## Dataset excerpt
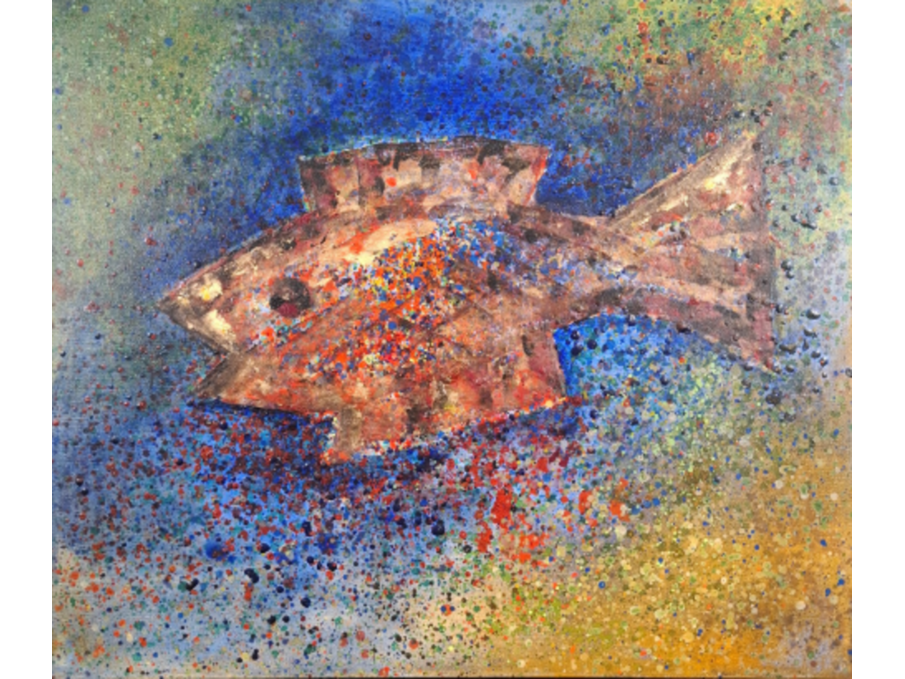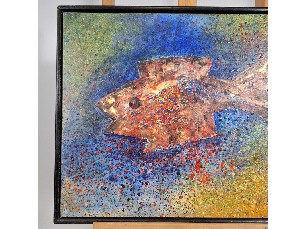 Acryl schilderij, maya wildevuur, vis, 1994
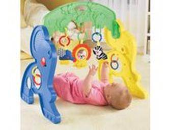 Birth & up. Busy activities and jungle friends will keep baby busy with this sturdy play gym. Rattles, crinkles, peek-a-boo mirror, and bright lights will fascinate all babies. Includes 10 removable links to mix and match and convenient carry handle.
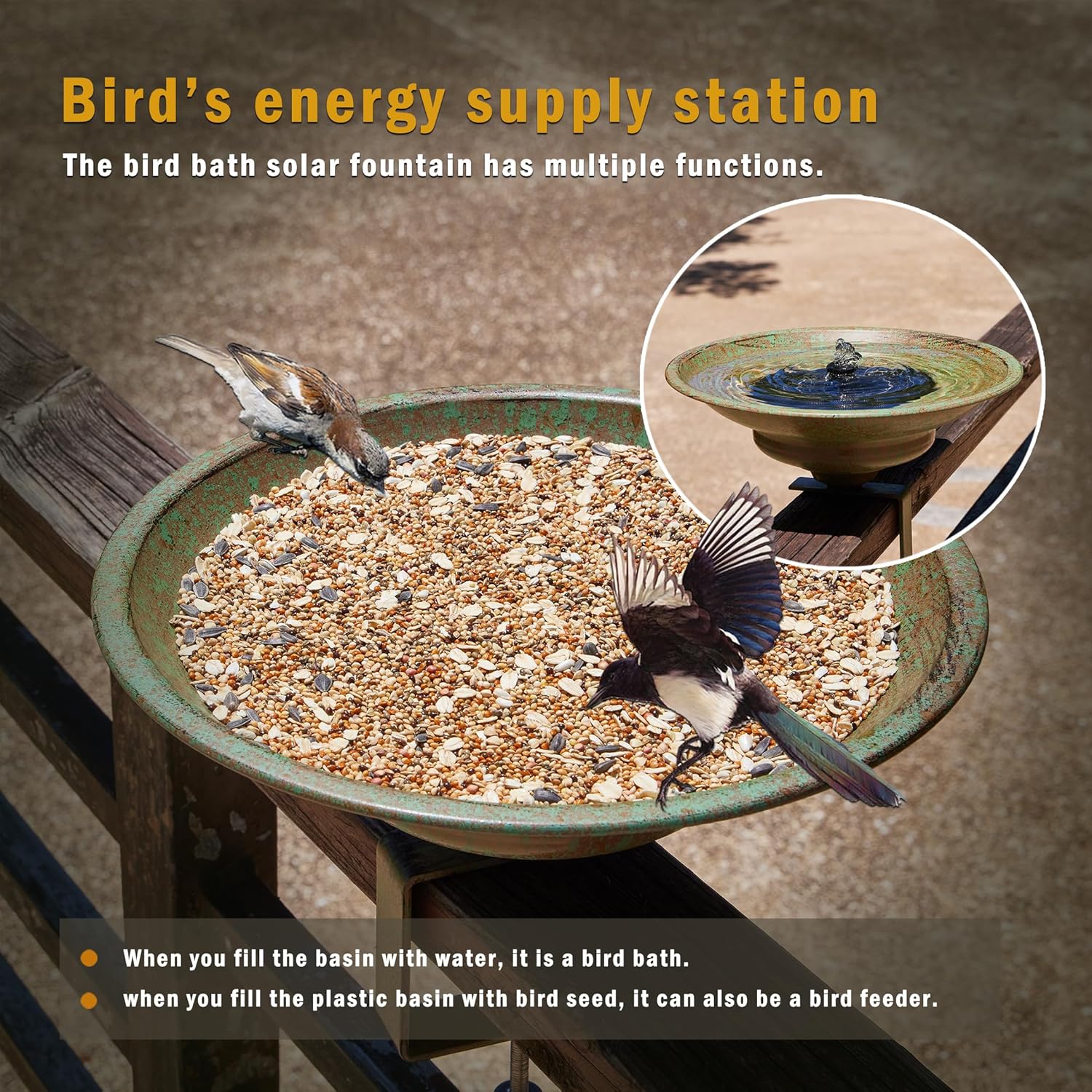 • IDEAL GIFT:The solar deck bird bath attracts birds to your garden, bringing us closer to nature,it is definitely a sight to behold when your feathered friends come to play in the birdbath, enjoy a bath or drink water. Buy this outdoor bird bath as a gift for friends, family, bird lovers. Definitely a perfect choice.

## Prompt
Write out the whole listing exactly as it appears, and omit the pictures.

## Output
 Acryl schilderij, maya wildevuur, vis, 1994
 Birth & up. Busy activities and jungle friends will keep baby busy with this sturdy play gym. Rattles, crinkles, peek-a-boo mirror, and bright lights will fascinate all babies. Includes 10 removable links to mix and match and convenient carry handle.
 • IDEAL GIFT:The solar deck bird bath attracts birds to your garden, bringing us closer to nature,it is definitely a sight to behold when your feathered friends come to play in the birdbath, enjoy a bath or drink water. Buy this outdoor bird bath as a gift for friends, family, bird lovers. Definitely a perfect choice.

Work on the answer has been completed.